▸ Task details: In the records below, repeat exactly the lines between the line holding "Un'opera architettonica di" and the line holding "Special focus within", inclusive, and drop the pictures.

▸ Data in this exercise:
------------------------

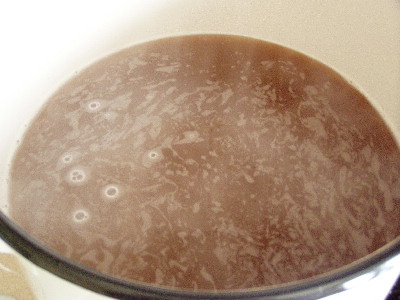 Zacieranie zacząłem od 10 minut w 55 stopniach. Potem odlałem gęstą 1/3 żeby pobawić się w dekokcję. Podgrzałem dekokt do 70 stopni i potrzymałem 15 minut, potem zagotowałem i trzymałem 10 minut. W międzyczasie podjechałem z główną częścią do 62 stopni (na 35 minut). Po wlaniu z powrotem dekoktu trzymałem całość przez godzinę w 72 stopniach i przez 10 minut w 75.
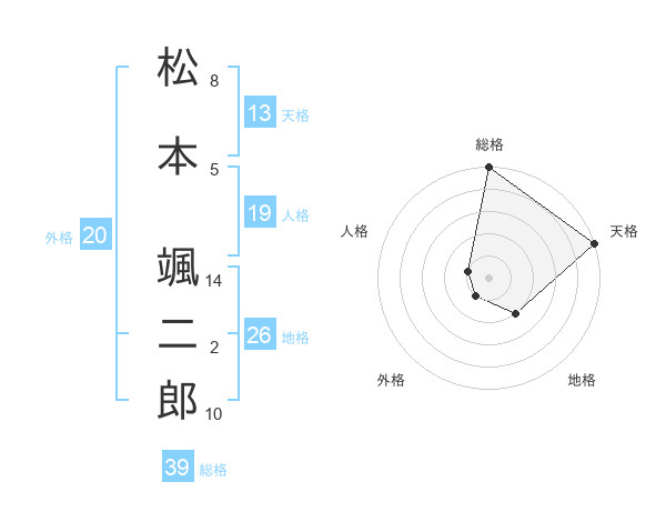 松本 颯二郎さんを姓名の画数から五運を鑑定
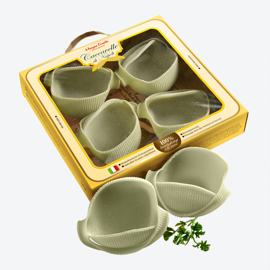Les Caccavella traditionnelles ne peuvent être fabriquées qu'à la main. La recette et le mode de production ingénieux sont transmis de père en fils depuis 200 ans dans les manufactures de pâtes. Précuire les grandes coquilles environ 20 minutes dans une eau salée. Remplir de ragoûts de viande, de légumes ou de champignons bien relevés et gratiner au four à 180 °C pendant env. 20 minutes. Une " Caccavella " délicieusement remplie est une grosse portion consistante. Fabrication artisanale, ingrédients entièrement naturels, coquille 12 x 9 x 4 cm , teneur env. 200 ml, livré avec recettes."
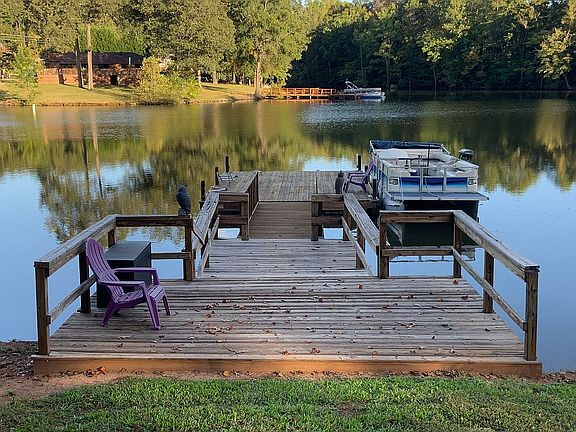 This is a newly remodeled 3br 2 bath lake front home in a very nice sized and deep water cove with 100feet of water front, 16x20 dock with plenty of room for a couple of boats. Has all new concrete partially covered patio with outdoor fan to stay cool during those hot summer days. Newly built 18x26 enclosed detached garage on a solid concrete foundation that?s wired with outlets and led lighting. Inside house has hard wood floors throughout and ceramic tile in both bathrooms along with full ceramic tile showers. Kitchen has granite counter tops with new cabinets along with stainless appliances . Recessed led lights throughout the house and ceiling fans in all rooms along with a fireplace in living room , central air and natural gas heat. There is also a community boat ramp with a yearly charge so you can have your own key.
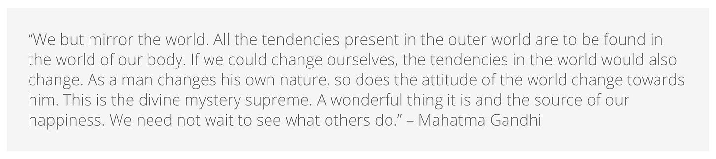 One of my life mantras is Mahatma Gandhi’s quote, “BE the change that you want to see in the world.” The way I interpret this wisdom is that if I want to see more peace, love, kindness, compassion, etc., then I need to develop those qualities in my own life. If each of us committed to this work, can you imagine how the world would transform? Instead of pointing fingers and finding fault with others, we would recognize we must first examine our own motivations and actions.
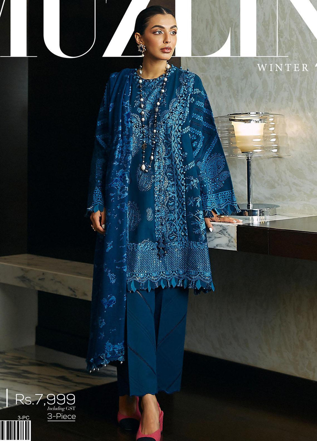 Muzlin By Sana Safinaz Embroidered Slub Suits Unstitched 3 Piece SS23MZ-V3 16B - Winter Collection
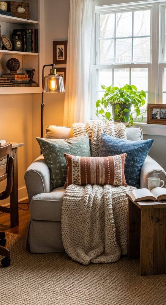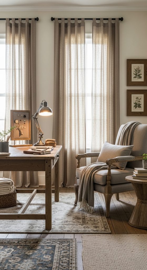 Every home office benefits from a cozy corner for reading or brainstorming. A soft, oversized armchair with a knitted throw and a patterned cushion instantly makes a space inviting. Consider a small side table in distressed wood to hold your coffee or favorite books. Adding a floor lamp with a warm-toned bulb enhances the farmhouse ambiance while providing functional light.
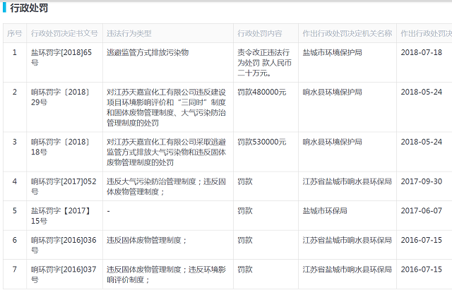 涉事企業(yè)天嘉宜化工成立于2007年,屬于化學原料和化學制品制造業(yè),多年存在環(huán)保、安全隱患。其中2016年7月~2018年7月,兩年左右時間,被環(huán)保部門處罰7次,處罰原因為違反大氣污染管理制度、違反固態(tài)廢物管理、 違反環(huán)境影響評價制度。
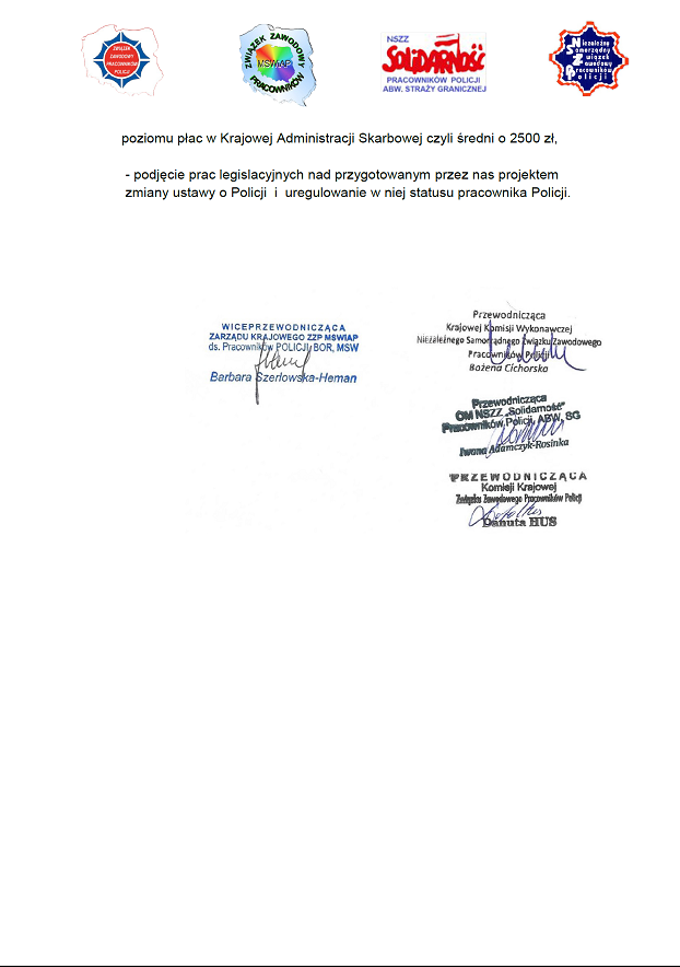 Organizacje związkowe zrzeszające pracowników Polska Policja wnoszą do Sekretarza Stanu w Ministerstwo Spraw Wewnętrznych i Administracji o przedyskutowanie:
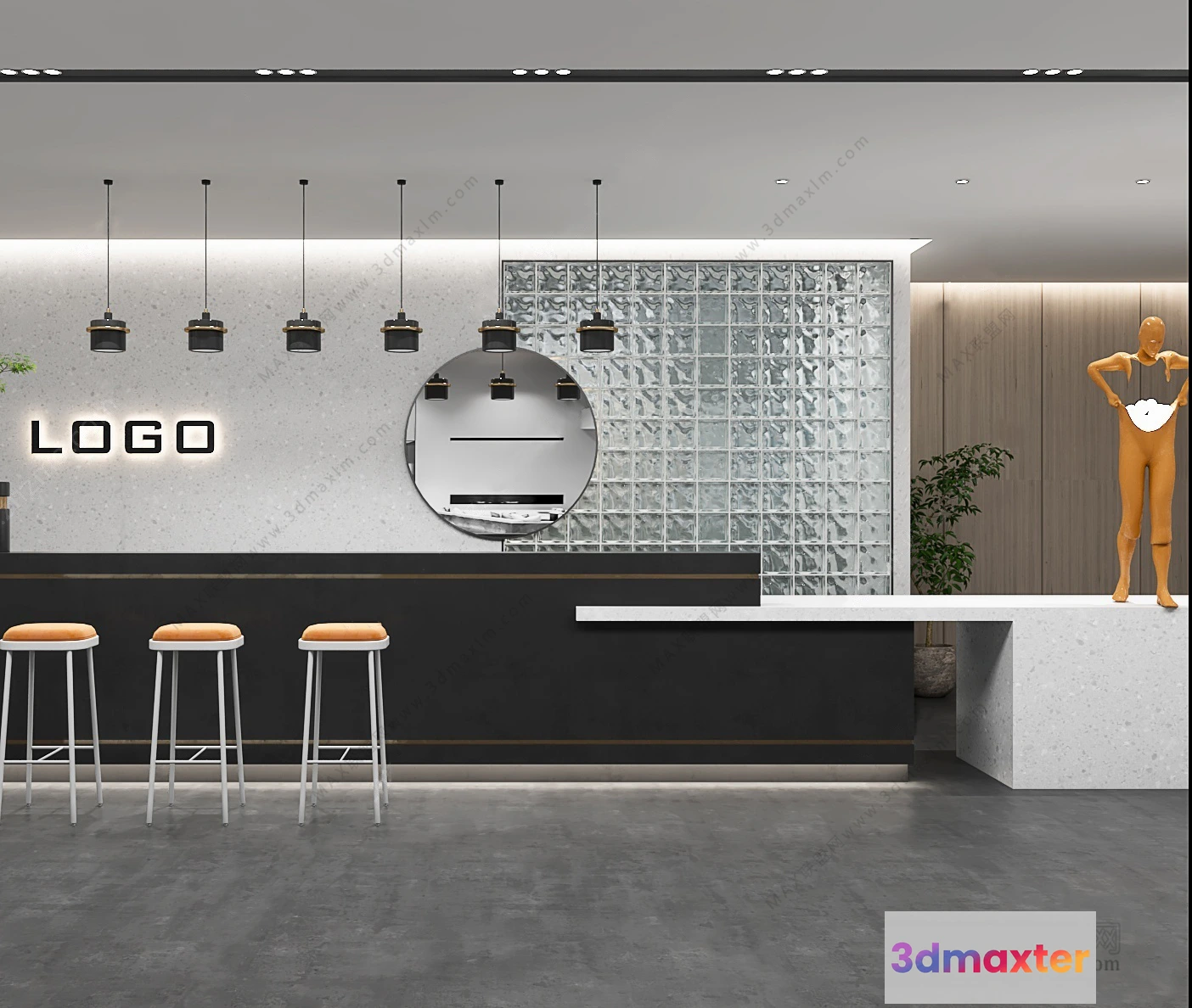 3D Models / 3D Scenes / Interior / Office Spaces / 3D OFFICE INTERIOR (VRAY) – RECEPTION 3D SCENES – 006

------------------------

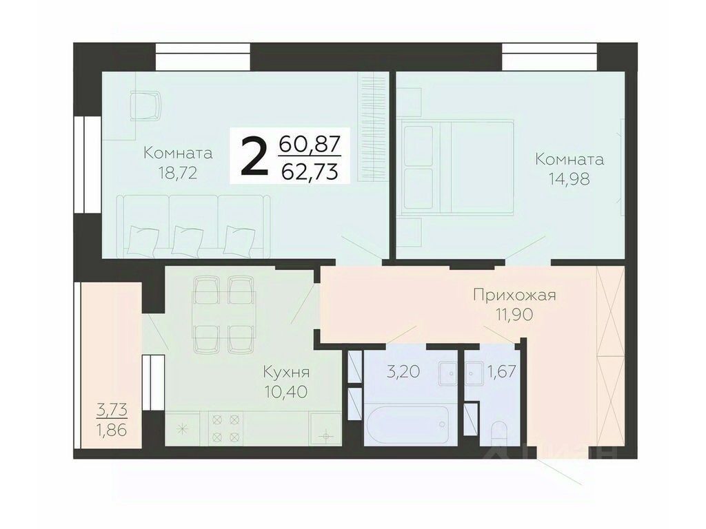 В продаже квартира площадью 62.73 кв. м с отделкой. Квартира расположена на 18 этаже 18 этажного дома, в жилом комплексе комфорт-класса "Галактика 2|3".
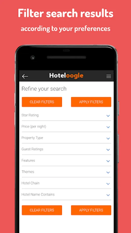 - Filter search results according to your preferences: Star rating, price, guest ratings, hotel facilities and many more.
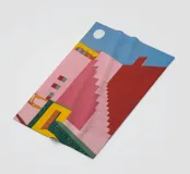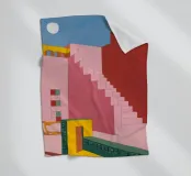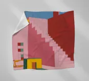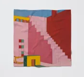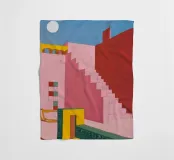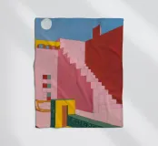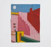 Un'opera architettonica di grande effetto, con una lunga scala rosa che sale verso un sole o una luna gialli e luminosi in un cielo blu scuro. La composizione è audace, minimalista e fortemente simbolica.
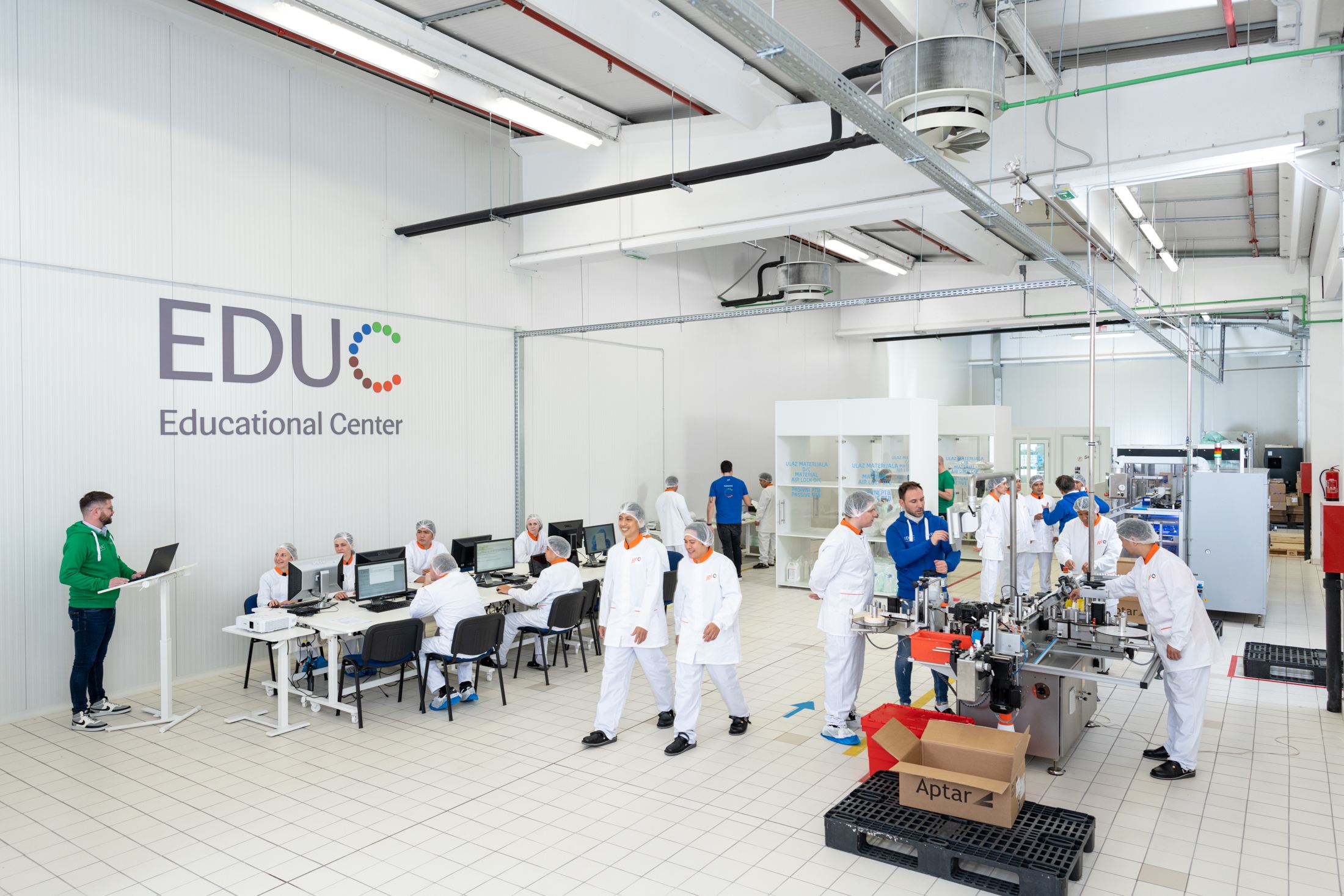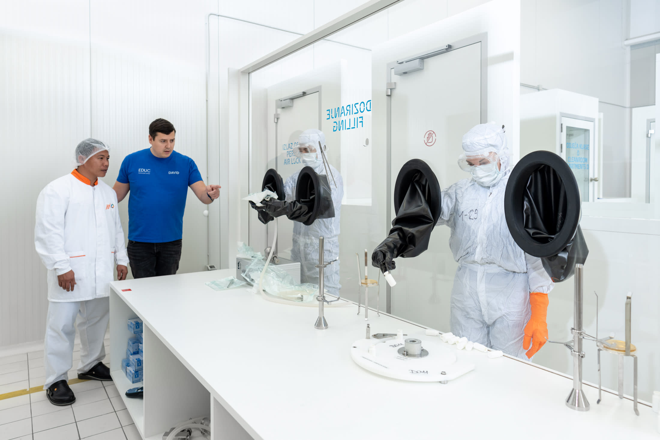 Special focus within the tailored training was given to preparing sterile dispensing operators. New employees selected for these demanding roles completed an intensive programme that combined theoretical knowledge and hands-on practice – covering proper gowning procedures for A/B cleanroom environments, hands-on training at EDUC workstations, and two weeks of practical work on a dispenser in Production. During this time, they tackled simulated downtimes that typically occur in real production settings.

------------------------

▸ Solved exercise:
 Un'opera architettonica di grande effetto, con una lunga scala rosa che sale verso un sole o una luna gialli e luminosi in un cielo blu scuro. La composizione è audace, minimalista e fortemente simbolica.
 Special focus within the tailored training was given to preparing sterile dispensing operators. New employees selected for these demanding roles completed an intensive programme that combined theoretical knowledge and hands-on practice – covering proper gowning procedures for A/B cleanroom environments, hands-on training at EDUC workstations, and two weeks of practical work on a dispenser in Production. During this time, they tackled simulated downtimes that typically occur in real production settings.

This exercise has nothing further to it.